BOISE, Idaho (AP) — Idaho will pay roughly $900,000 in legal fees using the state's Constitutional Defense Fund after recently losing three key lawsuits, including covering the plaintiff's costs in the state's failed attempt to uphold its same-sex marriage ban.
The fund will also cover fees for the winning plaintiffs in a case that overturned an anti-abortion law and another case where the state sought to restrict protesters from camping near the Statehouse.
Gov. C.L. "Butch" Otter, Senate President Pro Tem Brent Hill, and Attorney General Lawrence Wasden unanimously voted Monday to use the fund to cover the court-ordered attorneys' fees and costs. However, doing so reduced the fund from $1.2 million to about $300,000.
"You're going to have to ask the lawyers why we're losing," Otter said. "But I can tell you that in every case, we were either defending statutes or our Constitution. That's why it was appropriate."
Otter added that he will ask lawmakers to boost the fund back up to the million-dollar range at the beginning of the 2016 legislative session, which got an endorsement from Hill.
The Constitutional Defense Fund was created in 1995 to defend the state's legal rights against the federal government. According to Idaho law, the fund is for "restoring, maintaining and advancing the sovereignty and authority over issues that affect this state and the well-being of its citizens."
The fund was originally allocated $1 million, but it was slowly depleted after being used to pay for legal expenses for Idaho's 1990s battles over accepting nuclear waste shipments, as well as settlements with Planned Parenthood in 2008, according to a list of the fund's expenditures.
In 2014, two Democratic state lawmakers opposed replenishing the fund by $1 million, arguing that they didn't want to use taxpayer dollars to defend Idaho's gay marriage ban. On Monday, the latest court order was $226,891 to pay the plaintiffs who successfully fought to overturn Idaho's same-sex marriage ban, bumping the total to more than $628,000 Idaho has spent to the winning plaintiffs on that case.
For the anti-abortion law case, Idaho was ordered to pay more than $500,000 to the attorneys who overturned several Idaho laws, including the measure that banned all abortions after 20 weeks.

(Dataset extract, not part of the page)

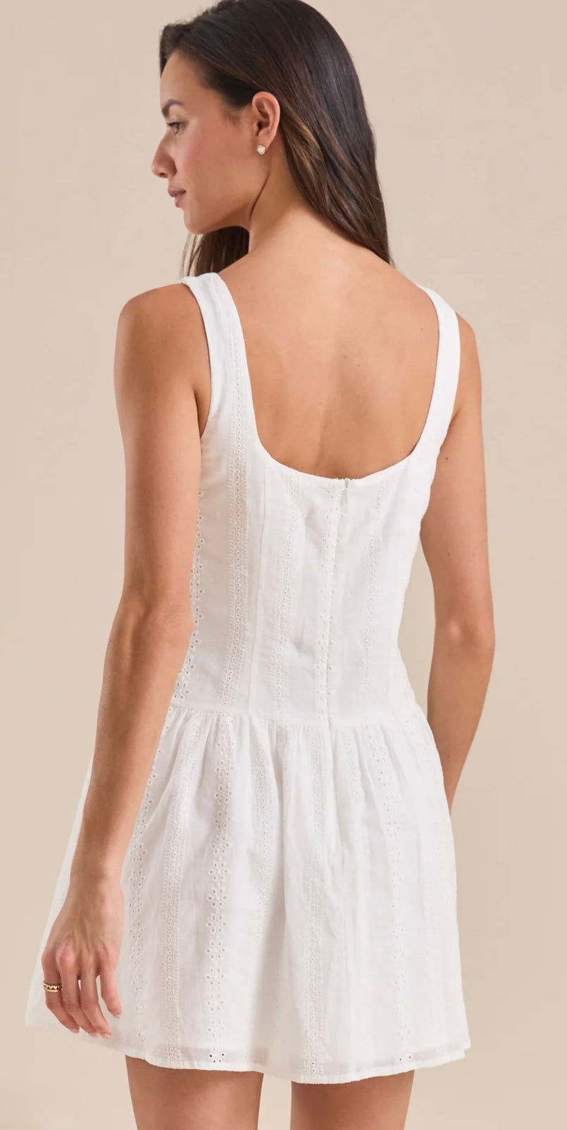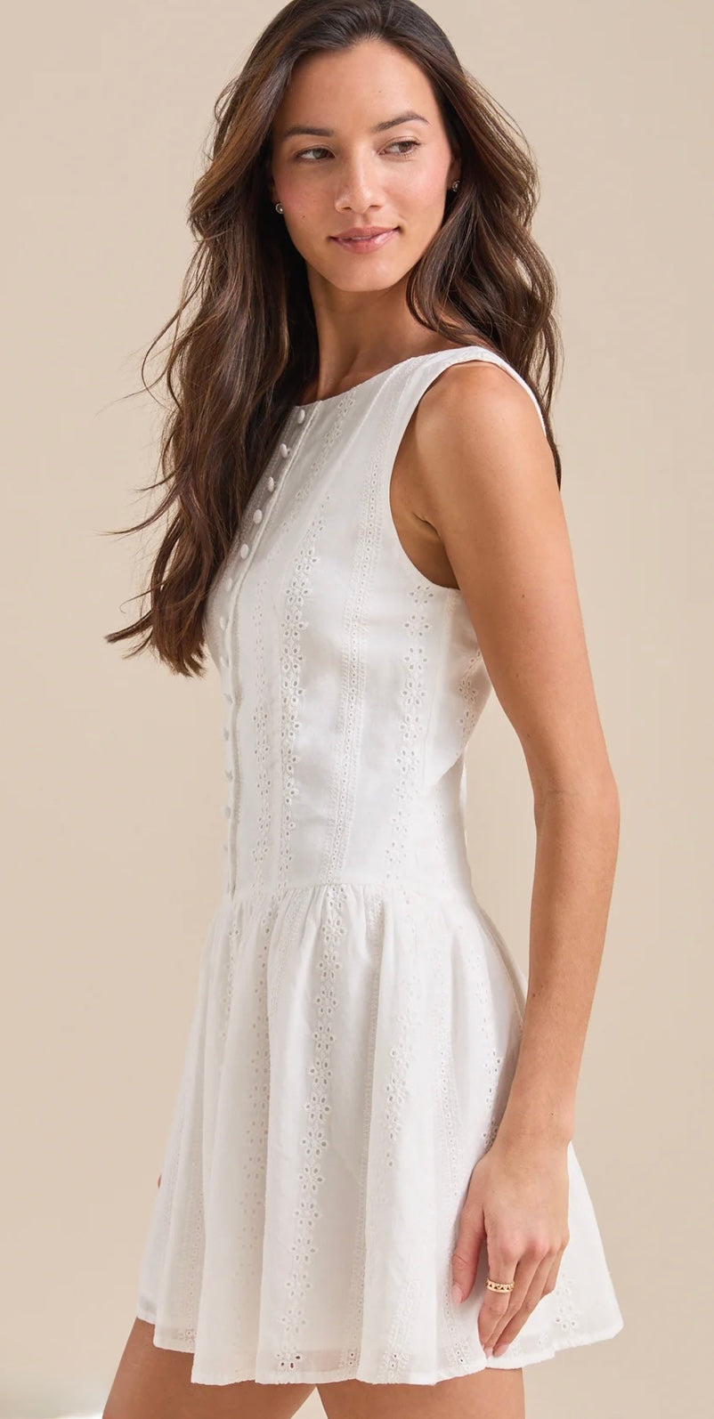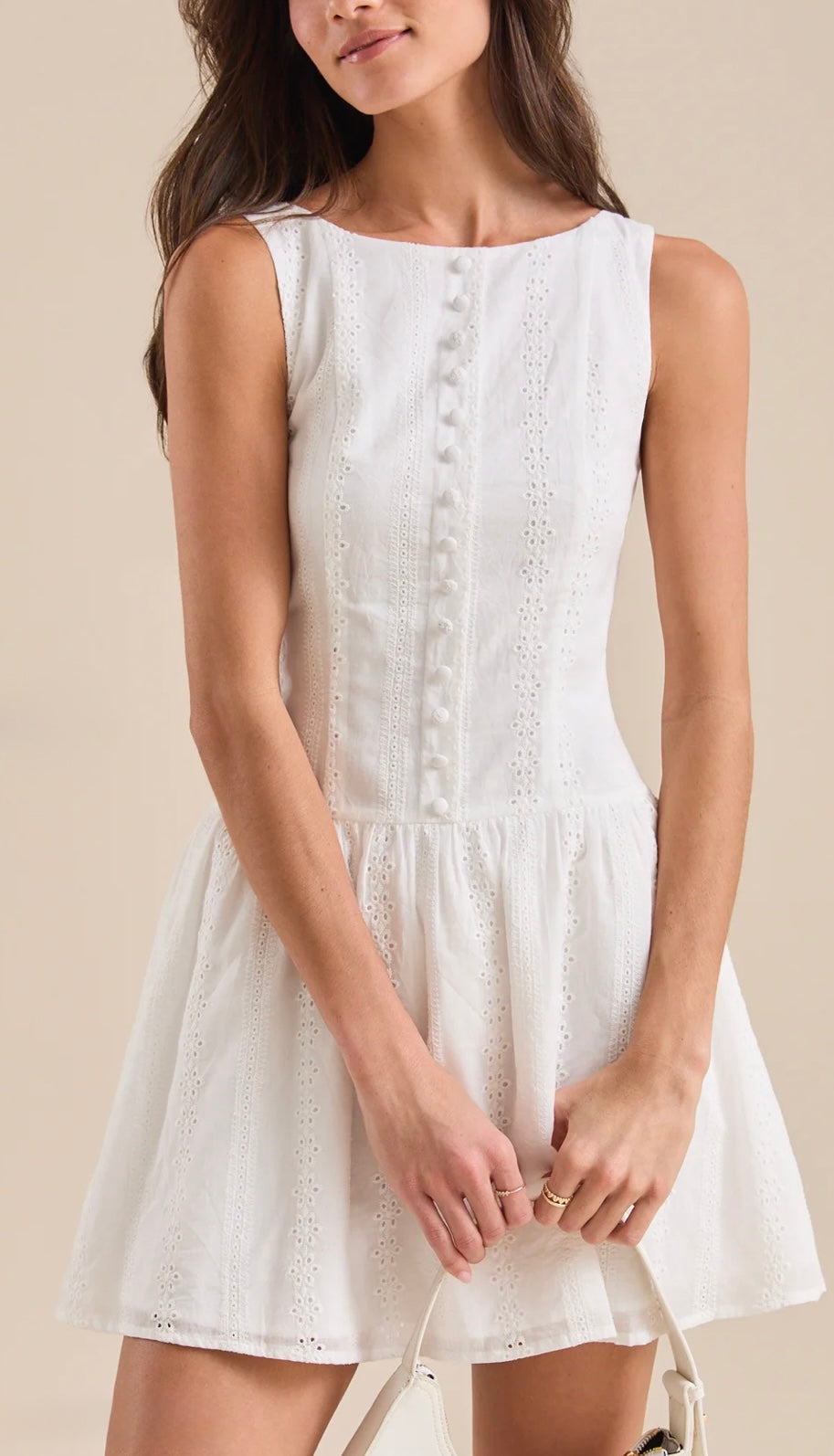 Precioso vestido mini, blanco, confeccionado en "broderie" 100% algodón. Este vestido es un sueño de feminidad veraniega que te acompañará en todas las ocasione bajo el sol.

The remaining court-ordered $137,300 — plus interest — will be paid to the attorneys who fought state laws and rules that were quickly passed in response to the 2012 Occupy Boise protests, which sought to deter demonstrators from both camping and protesting for long periods of time near the Capitol. A handful of the rules were upheld, but the court ultimately struck down the no-camping ban.
"We get sued by so many people we can't keep track," Otter said.
Otter declined to say if the fund will be used in the decision striking down Idaho's law that made it illegal to surreptitiously videotape agricultural operations. A federal judge ruled last week that the law violated the First Amendment and the Equal Protection Clause of the U.S. Constitution, but the state has not decided if it will appeal the decision.